Gonionota dissita

Scientific classification
- Domain: Eukaryota
- Kingdom: Animalia
- Phylum: Arthropoda
- Class: Insecta
- Order: Lepidoptera
- Family: Depressariidae
- Genus: Gonionota
- Species: G. dissita
- Binomial name: Gonionota dissita Clarke, 1964

= Gonionota dissita =

- Authority: Clarke, 1964

Species of moth

Gonionota dissita is a moth in the family Depressariidae. It was described by Clarke in 1964. It is found in Trinidad.

The wingspan is 20–22 mm. The forewings are brown, blotched dorsally with fuscous. The base, to two-fifths of the costa and the dorsal fourth are buff yellow strongly mixed with reddish ochreous and the outer margin of the basal patch is irregularly oblique, the costal margin shaded with brown. From the costal two-fifths an oblique, narrow blotch, the same color as the basal patch, extends to the end of the cell and terminates in a small white dot.

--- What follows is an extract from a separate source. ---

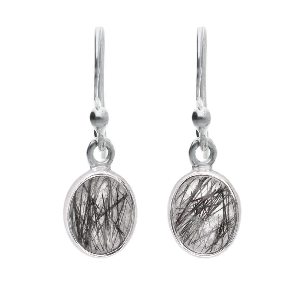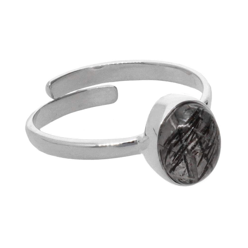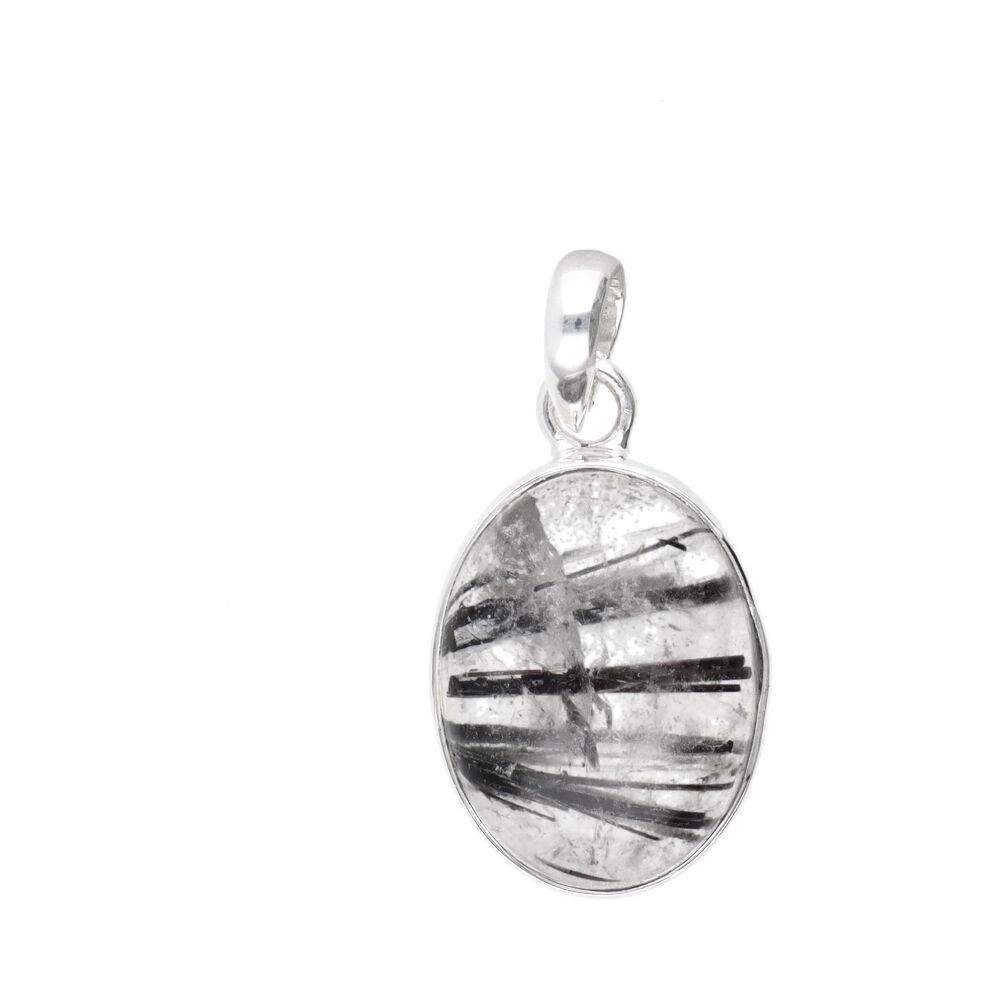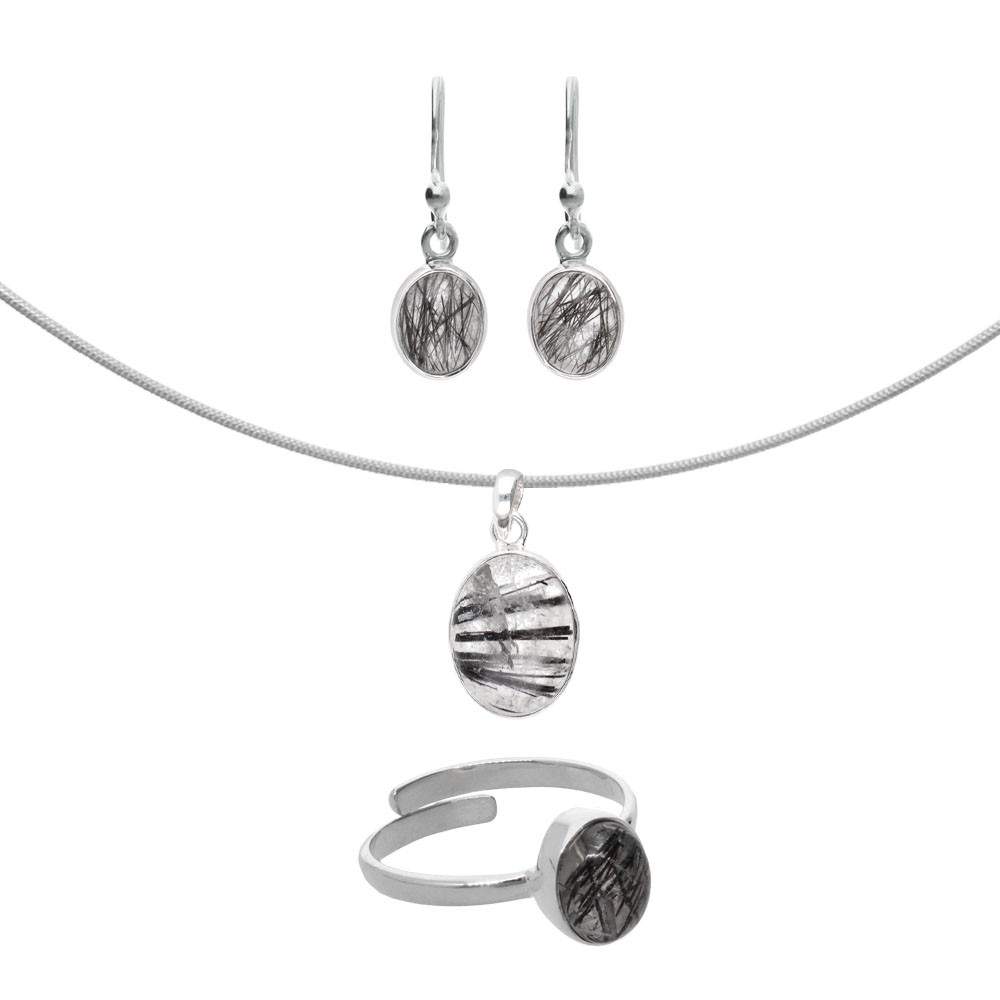 Conjunto oval de quartzo de turmalina em Sterling Silver 925

The basal and outer light areas are separated by an arm of ground color. In the cell, at about two-fifths, a fuscous spot is found and there is an indistinct row of fuscous spots parallel to termen from the costa to the tornus, at about the outer fifth. At the apical fourth, on the costa, a prominent, narrow triangular white streak bordered on its inner margin with reddish ocherous and followed by white scaling, runs to the apex. The hindwings are brownish but much paler basally.